One of the fixtures of the modern web is the robots.txt file—a file intended to notify web-crawling robots what parts of web sites are off-limits to them, so as to avoid reindexing duplicate content or bandwidth-intensive large files. A number of search engines, such as Google, honor robots.txt restrictions, though there’s no technical reason they have to.
Until recently, the Internet Archive has also been honoring the instructions from robots.txt files—but this is just about to change. On the Internet Archive’s announcement blog, Mark Graham explains that robots.txt’s search-indexing functionality is increasingly at odds with the site’s mission to archive the web as it was.
Over time we have observed that the robots.txt files that are geared toward search engine crawlers do not necessarily serve our archival purposes. Internet Archive’s goal is to create complete “snapshots” of web pages, including the duplicate content and the large versions of files. We have also seen an upsurge of the use of robots.txt files to remove entire domains from search engines when they transition from a live web site into a parked domain, which has historically also removed the entire domain from view in the Wayback Machine. In other words, a site goes out of business and then the parked domain is “blocked” from search engines and no one can look at the history of that site in the Wayback Machine anymore. We receive inquiries and complaints on these “disappeared” sites almost daily.

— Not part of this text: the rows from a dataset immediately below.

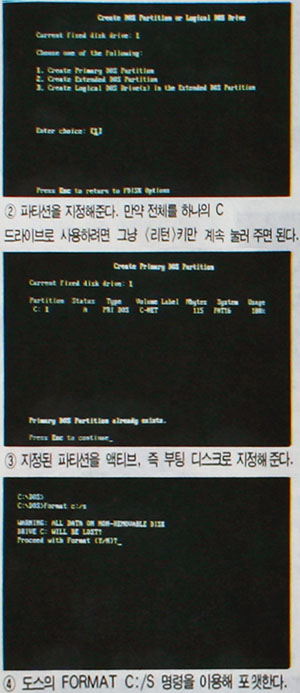 변경된 CMOS 내용을 기록하고 빠져나온 뒤에 다시 A: 드라이브로 부팅한 다음 새롭게 설치한 하드디스크의 파티션을 나누어야 한다.
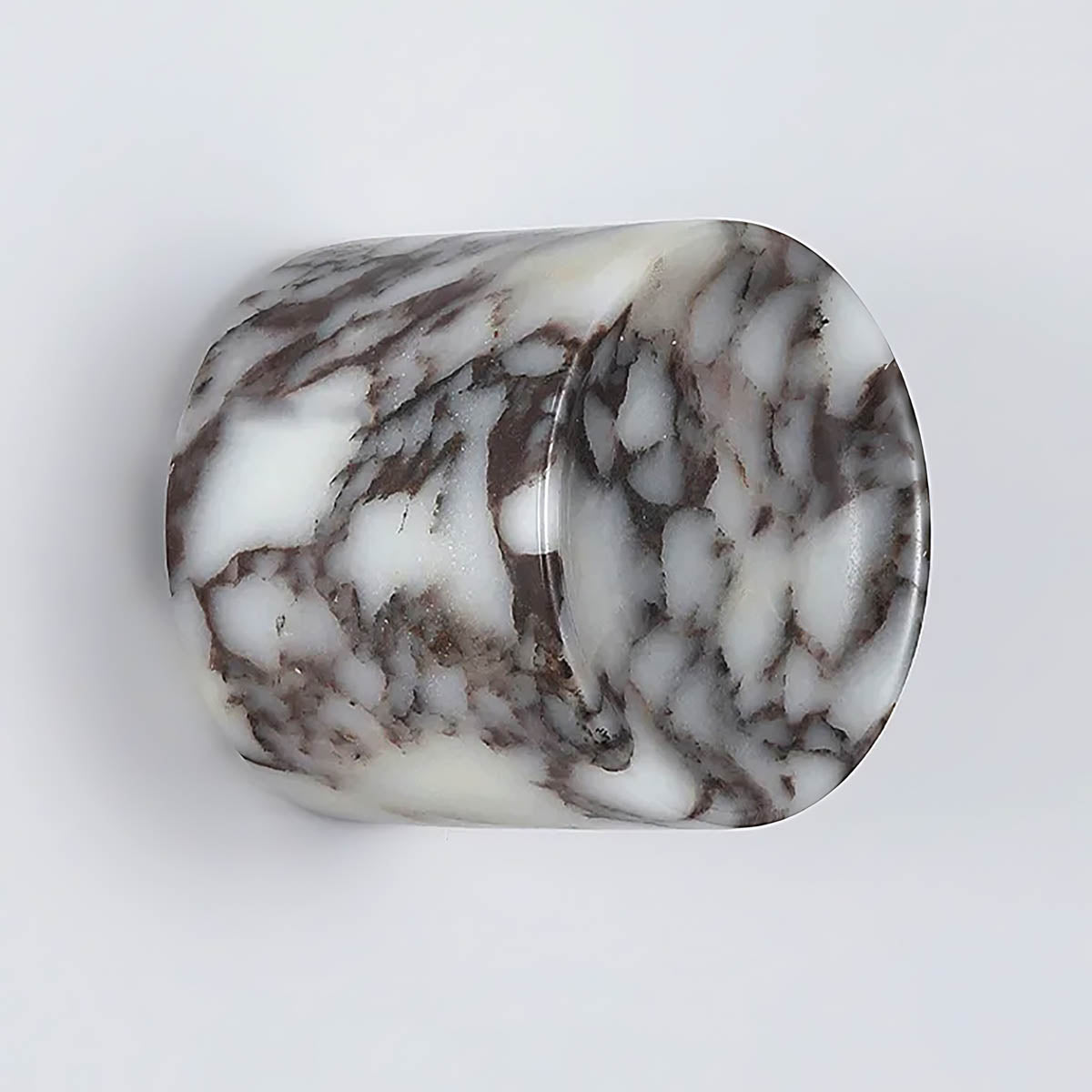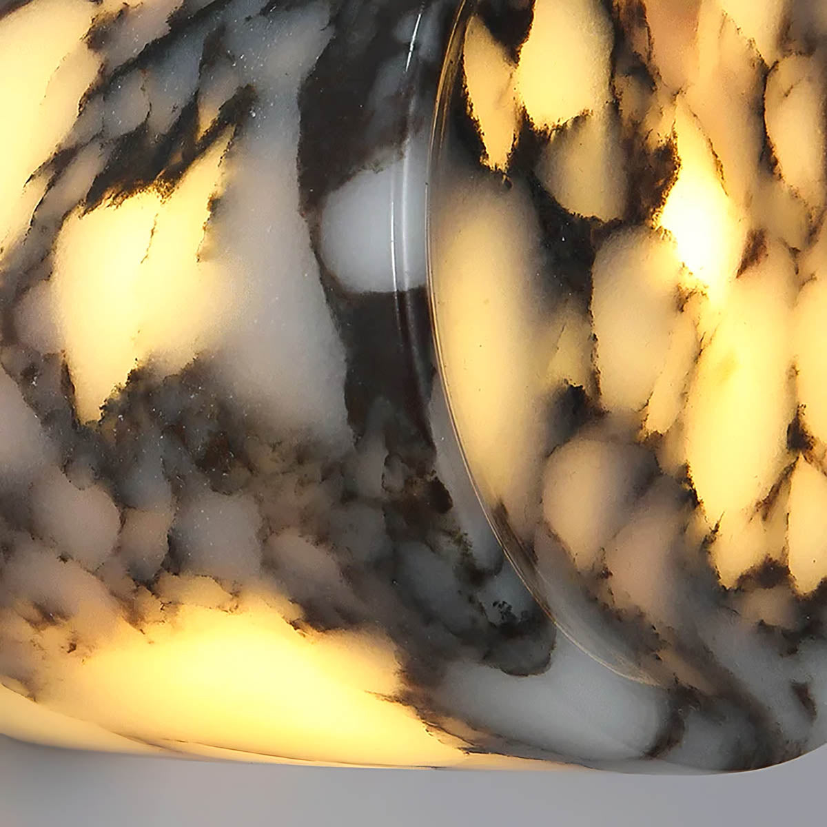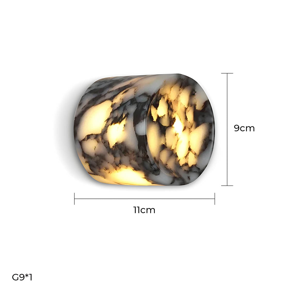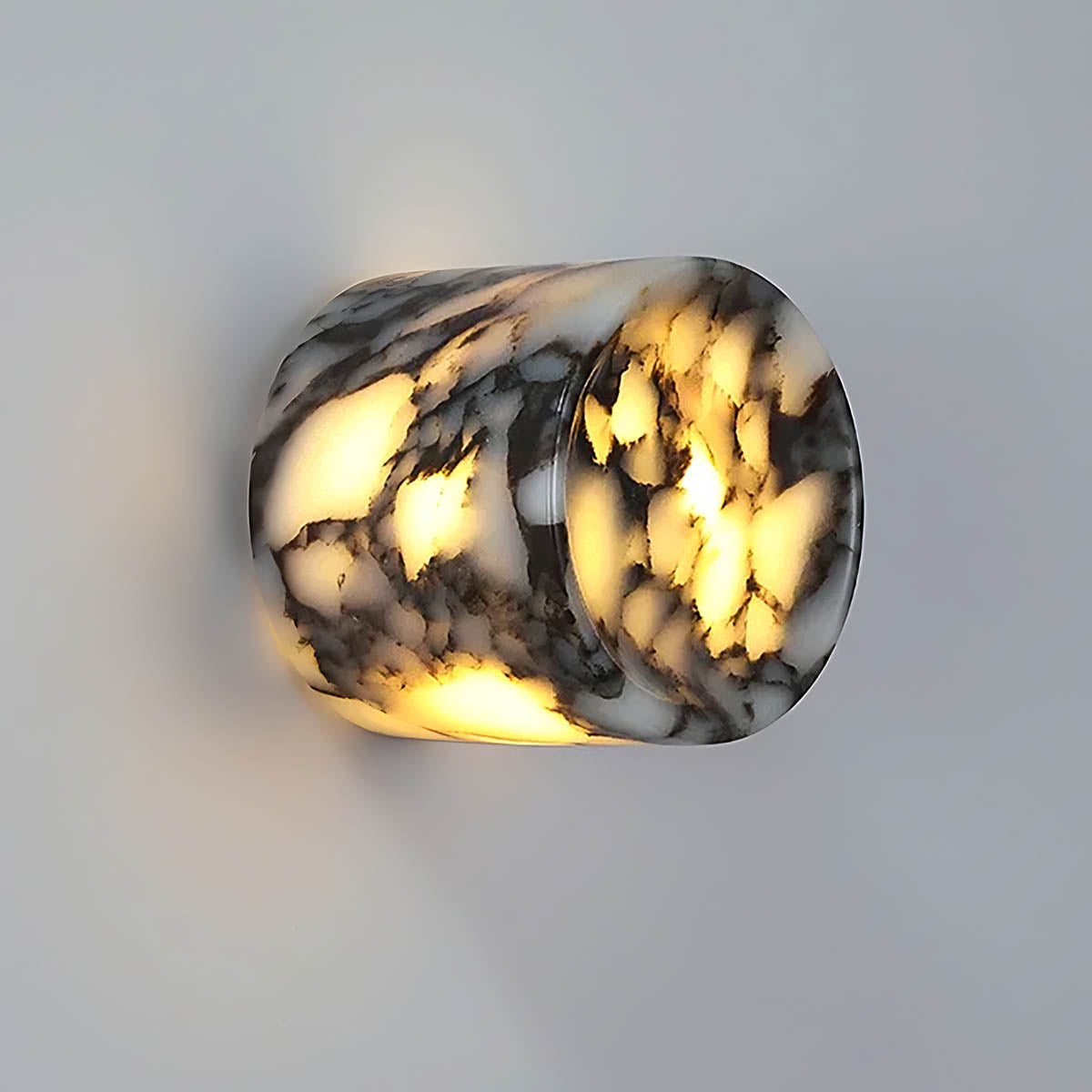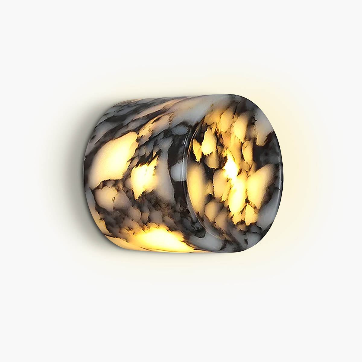 Carved into a compact cylindrical form with a subtle front recess, its semi-translucent marble reveals organic white and charcoal veining; when illuminated, the pattern diffuses light like clouded onyx for rich depth and ambience.
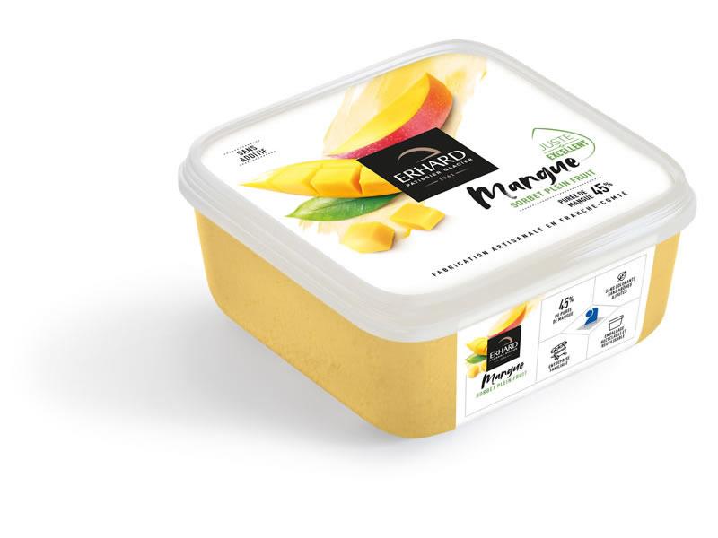 Entremets glacés composés de sorbet plein fruit à la mangue (63%) entourée de pâte de riz sucrée cuite (36%) - Surgelés
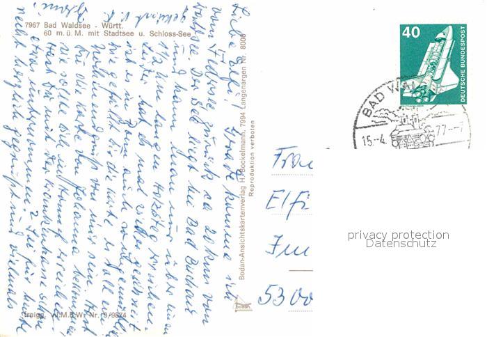 72785529 alte Postkarte Bad Waldsee Fliegeraufnahme Stadtsee Schloss postalisch gelaufen Erhaltung siehe scans [AndreD76] KatCode: 11110008436009
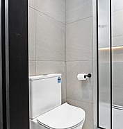 Inside, high ceilings, large windows, and ranch sliders flood the home with natural light, creating a bright, airy atmosphere. The minimalist design is elevated by oak flooring, a simple yet functional kitchen with open hanging shelves, and plenty of built-in storage throughout. Clean, warm, and cleverly laid out—this home proves that small sections can deliver big impact.
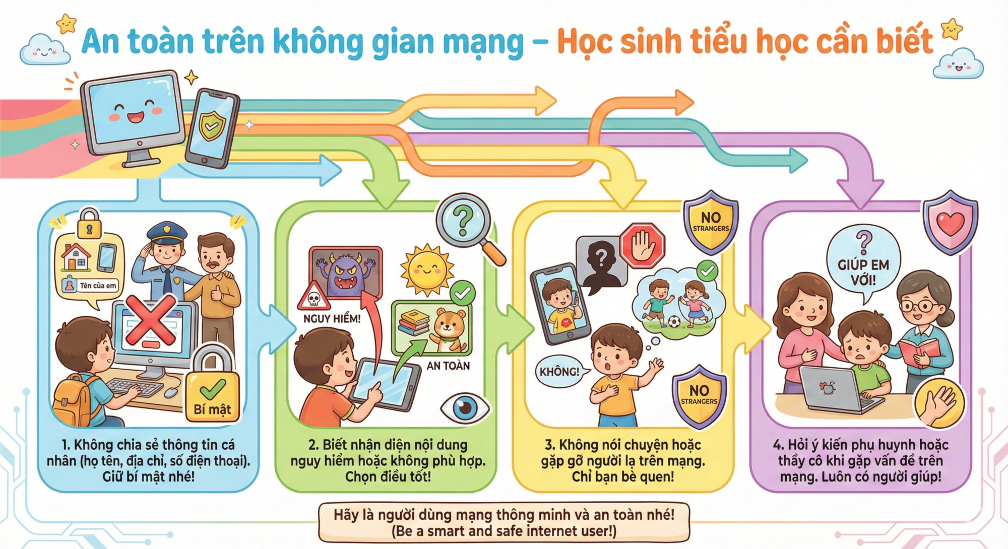Trong thời đại công nghệ phát triển mạnh mẽ, Internet đã trở thành người bạn quen thuộc của mỗi chúng ta, đặc biệt là các bạn học sinh. Internet giúp chúng ta học tập, khám phá thế giới và giải trí mỗi ngày. Tuy nhiên, nếu sử dụng không đúng cách, các bạn nhỏ có thể gặp phải những nguy hiểm không đáng có. Vì vậy, việc trang bị kiến thức an toàn trên không gian mạng là vô cùng quan trọng.

A few months ago, Archive.org’s crawlers stopped honoring military and government sites’ robots.txt files. After having observed the results of this trial run, the Internet Archive is now ready to stop honoring robots.txt files in general, so as to create complete archives of the web including sites that have since expired and been parked. The Archive will still respond to removal requests by email to info@archive.org.
As it happens, we at TeleRead had some personal experience with the Internet Archive robots.txt feature. A number of articles from TeleRead managed to get lost when the site was moved over to hosting on the commercial TeleRead.com domain—including my “Paleo E-Books” series, which I was rather proud of. Subsequently, the only way to link to those lost articles was by using Archive.org. However, a few weeks ago, I noticed that the new site hosting where we moved that commercial site had a robots.txt file that was keeping Archive.org from making those old articles available.
Fortunately, we were able to get that robots.txt file removed and the content made accessible again. But if the Internet Archive had stopped honoring robots.txt files, that wouldn’t even have been an issue.
From an archival standpoint, disregarding robots.txt enforcement makes a lot of sense. On the other hand, sometimes robots.txt files are meant to prevent confidential information—such as social security numbers and other personally identifying information—from being exposed by search engines. What if that information should be exposed by the Internet Archive? Of course, the amount of damage that could be done is limited, because there’s no search engine for Archive.org content as yet; it can only be accessed via searching the URL of the original page.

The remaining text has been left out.